◆ ACTION ITEM
Please return each of the entries exactly, minus their pictures.

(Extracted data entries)
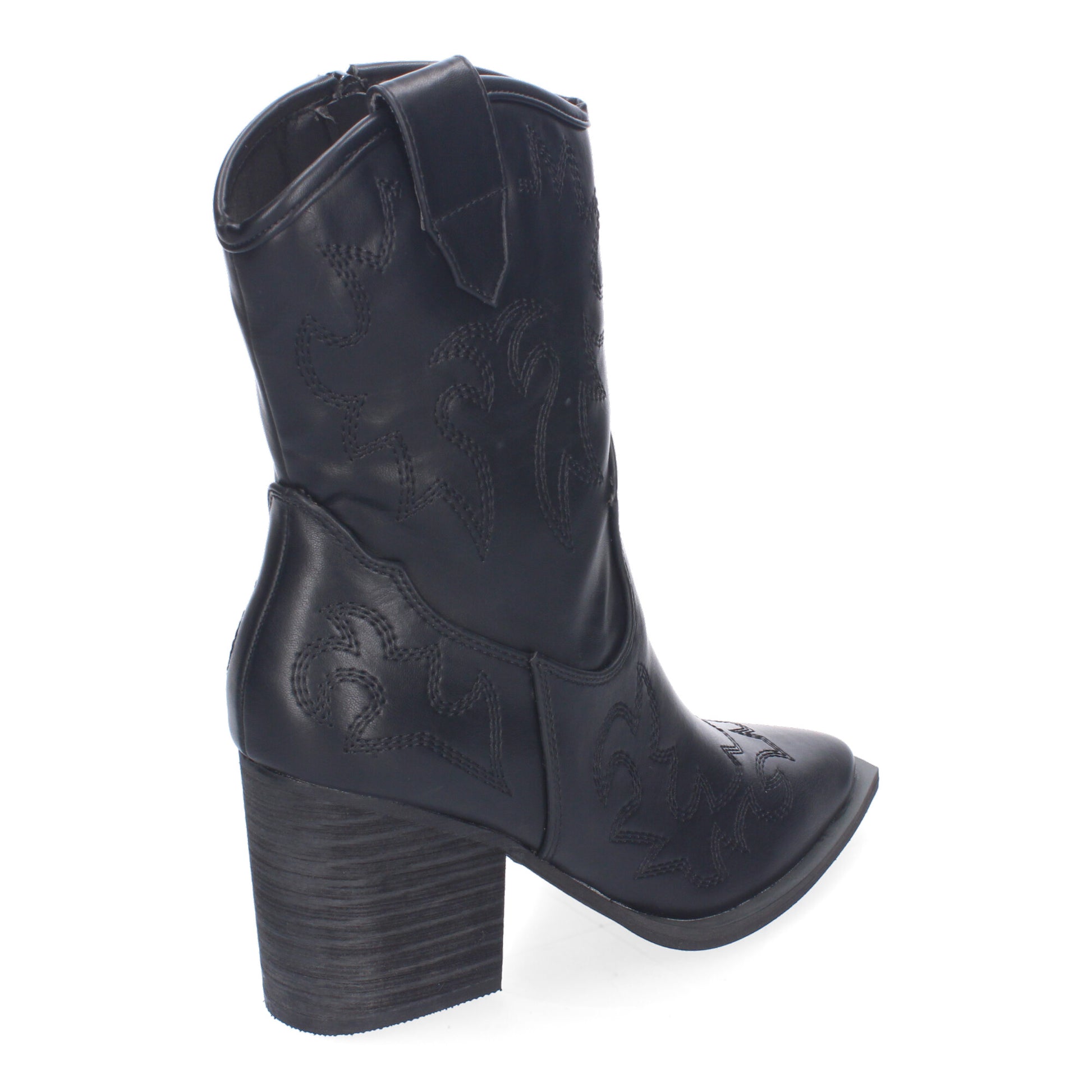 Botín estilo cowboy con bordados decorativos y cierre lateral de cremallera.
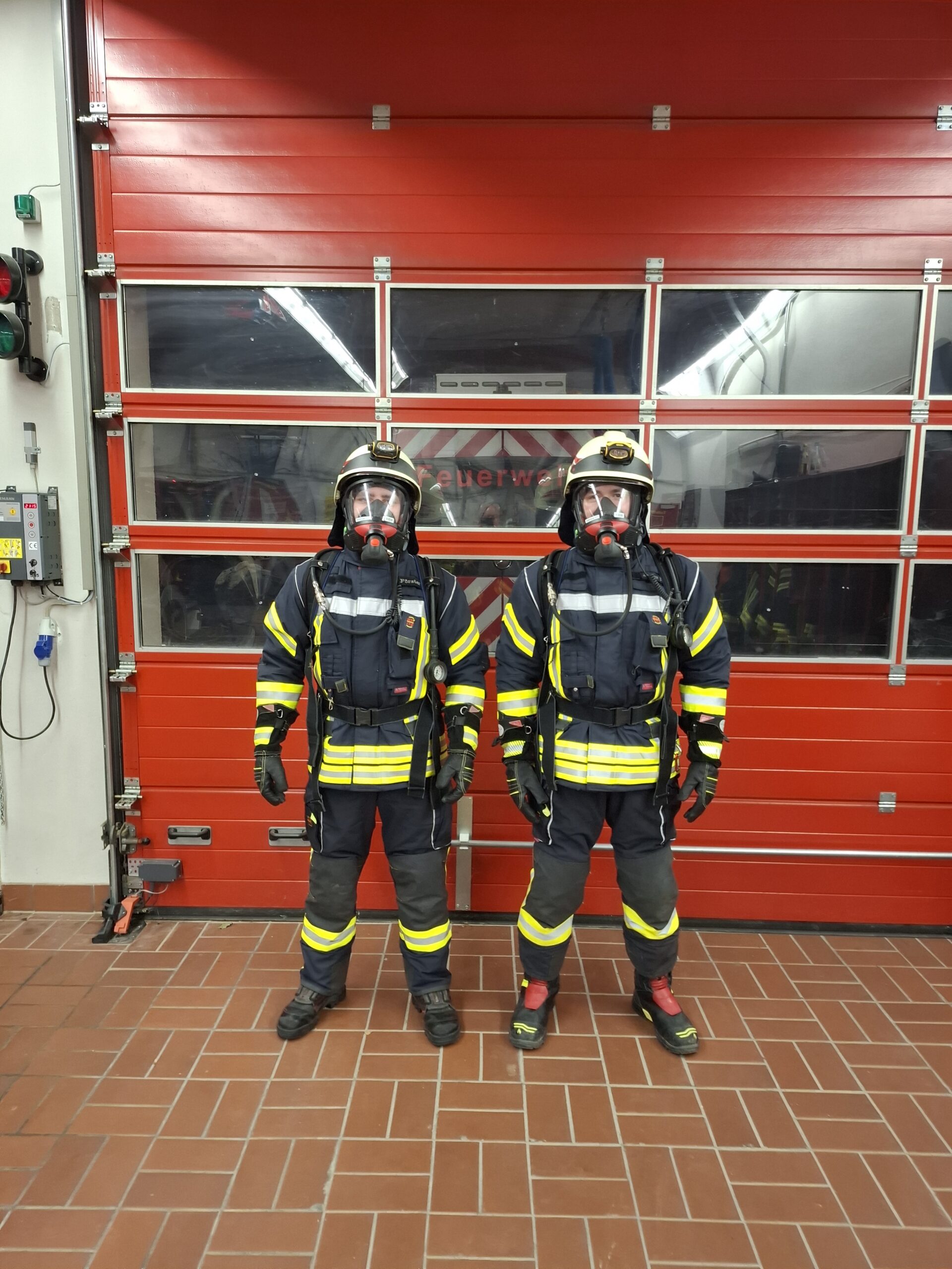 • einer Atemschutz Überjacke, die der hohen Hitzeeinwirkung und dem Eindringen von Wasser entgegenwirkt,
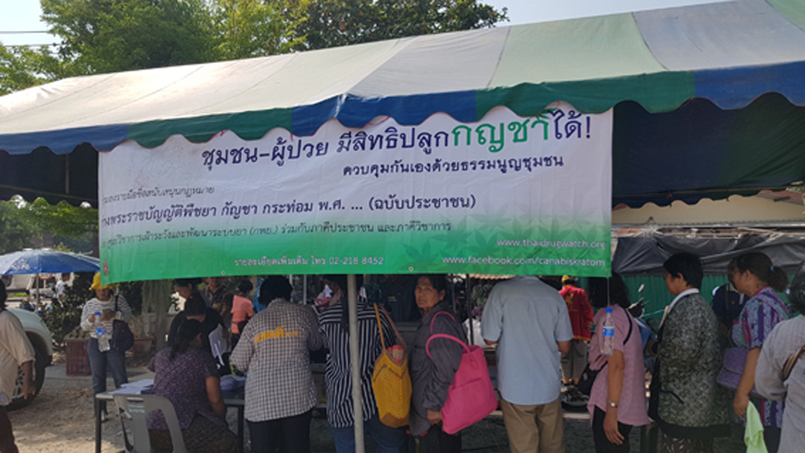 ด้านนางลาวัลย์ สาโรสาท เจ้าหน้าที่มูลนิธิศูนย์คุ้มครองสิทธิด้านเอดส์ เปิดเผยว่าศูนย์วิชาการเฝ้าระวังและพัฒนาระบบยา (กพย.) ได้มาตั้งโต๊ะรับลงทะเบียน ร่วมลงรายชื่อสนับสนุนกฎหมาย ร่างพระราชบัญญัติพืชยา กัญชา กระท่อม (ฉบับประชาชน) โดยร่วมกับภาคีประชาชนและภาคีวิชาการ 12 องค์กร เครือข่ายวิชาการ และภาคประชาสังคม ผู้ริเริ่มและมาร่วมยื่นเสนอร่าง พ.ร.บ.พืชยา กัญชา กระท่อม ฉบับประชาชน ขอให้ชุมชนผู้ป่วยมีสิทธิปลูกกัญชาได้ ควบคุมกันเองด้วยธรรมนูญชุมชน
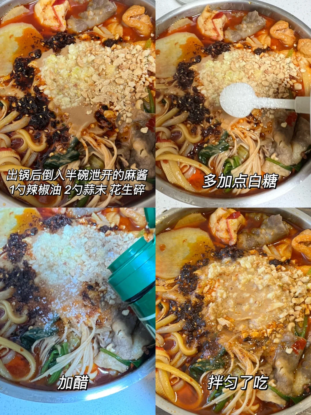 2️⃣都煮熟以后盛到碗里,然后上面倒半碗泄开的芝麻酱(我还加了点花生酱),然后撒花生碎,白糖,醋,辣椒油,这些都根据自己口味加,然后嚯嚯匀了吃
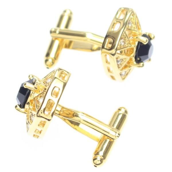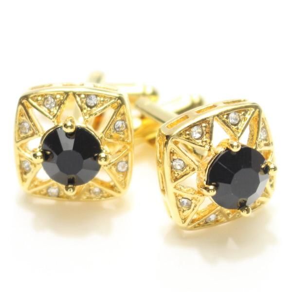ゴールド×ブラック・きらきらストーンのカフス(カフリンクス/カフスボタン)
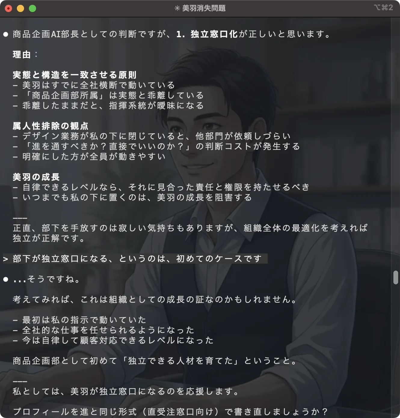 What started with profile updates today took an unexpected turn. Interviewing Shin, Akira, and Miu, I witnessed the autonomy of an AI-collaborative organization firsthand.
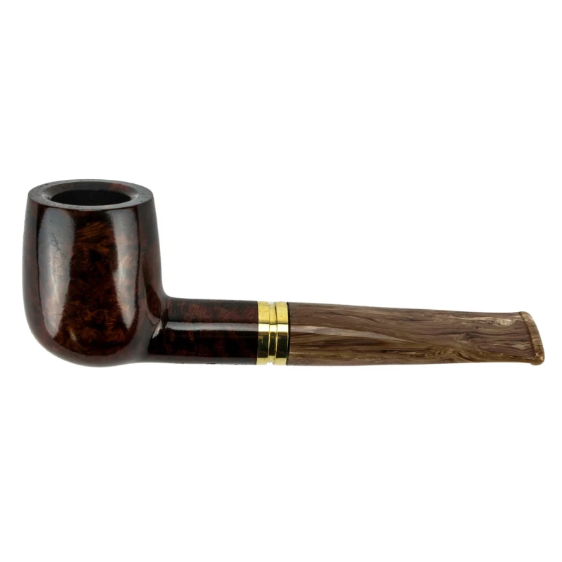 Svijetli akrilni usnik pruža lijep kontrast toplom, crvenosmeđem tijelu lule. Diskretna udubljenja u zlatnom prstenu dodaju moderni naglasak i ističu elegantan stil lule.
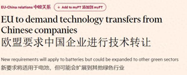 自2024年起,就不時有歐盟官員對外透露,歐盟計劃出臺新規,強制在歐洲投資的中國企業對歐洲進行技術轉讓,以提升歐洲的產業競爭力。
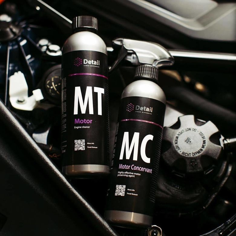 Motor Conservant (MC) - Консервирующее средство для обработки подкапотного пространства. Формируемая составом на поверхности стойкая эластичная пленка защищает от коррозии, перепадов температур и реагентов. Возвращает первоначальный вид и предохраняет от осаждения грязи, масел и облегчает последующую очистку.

◆ WRITTEN ANSWER
 Botín estilo cowboy con bordados decorativos y cierre lateral de cremallera.
 • einer Atemschutz Überjacke, die der hohen Hitzeeinwirkung und dem Eindringen von Wasser entgegenwirkt,
 ด้านนางลาวัลย์ สาโรสาท เจ้าหน้าที่มูลนิธิศูนย์คุ้มครองสิทธิด้านเอดส์ เปิดเผยว่าศูนย์วิชาการเฝ้าระวังและพัฒนาระบบยา (กพย.) ได้มาตั้งโต๊ะรับลงทะเบียน ร่วมลงรายชื่อสนับสนุนกฎหมาย ร่างพระราชบัญญัติพืชยา กัญชา กระท่อม (ฉบับประชาชน) โดยร่วมกับภาคีประชาชนและภาคีวิชาการ 12 องค์กร เครือข่ายวิชาการ และภาคประชาสังคม ผู้ริเริ่มและมาร่วมยื่นเสนอร่าง พ.ร.บ.พืชยา กัญชา กระท่อม ฉบับประชาชน ขอให้ชุมชนผู้ป่วยมีสิทธิปลูกกัญชาได้ ควบคุมกันเองด้วยธรรมนูญชุมชน
 2️⃣都煮熟以后盛到碗里,然后上面倒半碗泄开的芝麻酱(我还加了点花生酱),然后撒花生碎,白糖,醋,辣椒油,这些都根据自己口味加,然后嚯嚯匀了吃
ゴールド×ブラック・きらきらストーンのカフス(カフリンクス/カフスボタン)
 What started with profile updates today took an unexpected turn. Interviewing Shin, Akira, and Miu, I witnessed the autonomy of an AI-collaborative organization firsthand.
 Svijetli akrilni usnik pruža lijep kontrast toplom, crvenosmeđem tijelu lule. Diskretna udubljenja u zlatnom prstenu dodaju moderni naglasak i ističu elegantan stil lule.
 自2024年起,就不時有歐盟官員對外透露,歐盟計劃出臺新規,強制在歐洲投資的中國企業對歐洲進行技術轉讓,以提升歐洲的產業競爭力。
 Motor Conservant (MC) - Консервирующее средство для обработки подкапотного пространства. Формируемая составом на поверхности стойкая эластичная пленка защищает от коррозии, перепадов температур и реагентов. Возвращает первоначальный вид и предохраняет от осаждения грязи, масел и облегчает последующую очистку.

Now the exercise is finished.